Re: Is Haskell IO inherently slower than C?

Mike Izbicki
That convinces me that your Haskell program is actually slower.  My
guess is this is due to a buffering issue, and not due to anything
haskell related.  Buffering is how the opeating system makes a
tradeoff between performance and safety for io operations, and I'm
guessing your two code fragments are (behind the scenes) making a
different decision about how to do buffering.
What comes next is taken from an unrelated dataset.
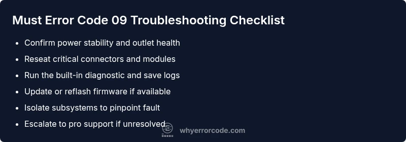 Urgent guide to diagnosing and fixing must error code 09. Learn a clear diagnostic flow, quick fixes, step-by-step repairs, and prevention tips for developers, IT pros, and everyday users.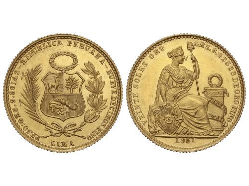 PERÚ. 20 Soles. 1951. 9,33 grs. AU (900). Fr-80; KM-229. EBC

For a Haskell-related discussion about buffering, see:
http://book.realworldhaskell.org/read/io.html#io.buffering

BTW, a good rule of thumb for io performance in any language is to
never write anything character by character, and instead write large
chunks of characters at once.  The above link should make clear why
this is the case.

On Wed, May 4, 2016 at 6:22 PM, Jake <[hidden email]> wrote:

> Thanks for the tip! I tried it again, this time using 100000000, and the
> Haskell one runs at around 25 seconds. The C one is only 1.5 seconds. Can
> that still be the run time system?
>
> On Wed, May 4, 2016 at 9:18 PM Mike Izbicki <[hidden email]> wrote:
>>
>> You need to be doing tests that take much longer to accurately compare
>> runtimes of executables.  Here's why:
>>
>> Haskell programs have a more complicated run time system than C
>> programs, and the binaries output by GHC are much larger.  Therefore,
>> there will be a small additional overhead that you have to pay once
>> when the program starts.  For some machines, this could possibly be on
>> the order of 0.3 seconds.
>>
>> I'd recommend you scale your test so that it takes at least 30 seconds
>> for the slowest program.  This will give you more meaningful results.
>>
>> On Wed, May 4, 2016 at 6:07 PM, Jake <[hidden email]> wrote:
>> > I also tried the more standard forM_ [0..100000] idiom and got similar
>> > times. I hoped loop might be faster, but apparently not.
>> >
>> > On Wed, May 4, 2016 at 9:05 PM Jake <[hidden email]> wrote:
>> >>
>> >> I'm trying to write a program in Haskell that writes a large file at
>> >> the
>> >> end, and it seems like that output alone is taking way longer than it
>> >> should. I don't understand why Haskell shouldn't be able to write data
>> >> as
>> >> quickly as C, so I wrote two test files:
>> >>
>> >> -- Test.hs
>> >> import Control.Loop
>> >> import Data.ByteString.Builder
>> >> import System.IO
>> >>
>> >> main :: IO ()
>> >> main =
>> >>   numLoop 0 1000000 $ \_ ->
>> >>     hPutBuilder stdout $ char7 ' '
>> >>
>> >> // test.c
>> >> #include <stdio.h>
>> >>
>> >> int main() {
>> >>   int i;
>> >>   for (i = 0; i < 1000000; i++) {
>> >>     fprintf(stdout, " ");
>> >>   }
>> >>   return 0;
>> >> }
>> >>
>> >> I compiled them both with -O2, and ran them redirecting their outputs
>> >> to
>> >> /dev/null. For the Haskell version I got times aroudn 0.3 seconds,
>> >> while the
>> >> C version was around 0.03. Is there any reason why in simple IO the
>> >> Haskell
>> >> version would be slower by an order of magnitude?
>> >
>> >
>> > _______________________________________________
>> > Haskell-Cafe mailing list
>> > [hidden email]
>> > http://mail.haskell.org/cgi-bin/mailman/listinfo/haskell-cafe
>> >
_______________________________________________
Haskell-Cafe mailing list
[hidden email]
http://mail.haskell.org/cgi-bin/mailman/listinfo/haskell-cafe
Reply | Threaded
Open this post in threaded view
|

Re: Is Haskell IO inherently slower than C?

Jake
It seems to me that BlockBuffering is the fastest. I checked and the default buffering mode for stdout is BlockBuffering Nothing. So I went to the C program and checked the value of BUFSIZ which was 8192. Then I set the buffering mode for stdout to BlockBuffering (Just 8192) so they should be buffering the same, right?
It didn't really change the performance at all. Is there something else going on with the buffering I'm not changing?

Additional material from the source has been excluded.